Фильм «Зеркало», пожалуй, наиболее яркое произведение Тарковского с точки зрения художественной актуализации образов дома и дороги. Здесь благодаря «образной мобилизации» собственной автобиографической памяти художнику удалось достичь «высокого» и в то же время внешне предельно простого домашне-дорожного синтеза образов воды и огня, природы и культуры, деревни и города, любви и утраты, детства и взросления, счастья-полёта и горечи-притяжения, времени и пространства, матери и отца, «маленького» родного места и широкого, опасного катастрофами и катаклизмами окружающего мира[4]. Можно сказать, что его гений обрёл в «Зеркале» и посредством «Зеркала» единственно возможное место, в котором образы дома и дороги слились, сплелись неразрывно, показывая тем самым пространство разрывности, фрагментарности, неполноты всякого локального мифа о вечном, не исчезающем из индивидуальной и коллективной памяти доме, обретаемом вновь и вновь посредством метагеографических путешествий.

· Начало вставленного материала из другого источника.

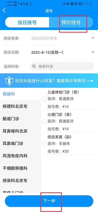 二、在预约挂号中选择科室,以及医师后,点击下一步

Юрьевец и его окрестности – то место, где гений Андрея Тарковского начал формироваться как образно-топографический, как геоэкзистенциальный, как бы заострённый на всё новые и новые повторяющиеся переживания детства, по определению «зацикленного», а, по сути, и произрастающего из мелких и мельчайших местных и ландшафтных событий[5]. Все эти события перемешиваются, постоянно преображаются, трансформируются, становится анахроничными и в то же время гетеротопичными; они живут чередой мультиплицирующихся географических образов среднерусской, волжской, болотисто-овражной, лесной, холмисто-полевой природы, которая есть не просто мысленный или образно-символический экран, но сама по себе мощнейший, текучий, постоянно растекающийся и всё же собирающийся в сложное единое целое географический юрьевецкий образ. Однако этот юрьевецкий образ не является в «Зеркале» чистым и незамутненным, исключительно природным; он как бы креолизирован московскими эпизодами детства режиссера – естественно, опять-таки переосмысленными в рамках художественной специфики кино и преображенными кинематографическими средствами.
Уже первый игровой эпизод «Зеркала» – разговор незнакомца и матери главного героя – включает нас в основные образные темы фильма. Незнакомец приходит по дороге через поле и встречается с матерью на границе поля и леса; тут же, в лесу, находится дом. Весь разговор, полный загадочных недоговорённостей, проходит на границе между домом и дорогой, между лесом и полем, между сокровенным и откровенным.
Посреди разговора, внезапно, ломается жердь, на которой сидит мать и на которую также присел незнакомец. Это своего рода метафорическая попытка разрушения зыбкой границы между домом и дорогой, внутренним и внешним. Далее совместное падение на землю уже обыгрывается в снижено-бытовом плане; незнакомец уходит.
И здесь на прежнем визуальном фоне актуализируется образная тема вечного ухода и вечного возвращения[6]. Мать не хочет, чтобы незнакомец уходил, чтобы дом и дорога опять существовали сами по себе, отдельно; чтобы опять восстанавливалась неполнота домашнего бытия, в отсутствии покинувшего давно этот дом отца. Неожиданно поднимается ветер; колышутся поле, куст в поле; удивленный незнакомец оборачивается, долго смотрит на мать и, наконец, идет дальше; также внезапно ветер утихает.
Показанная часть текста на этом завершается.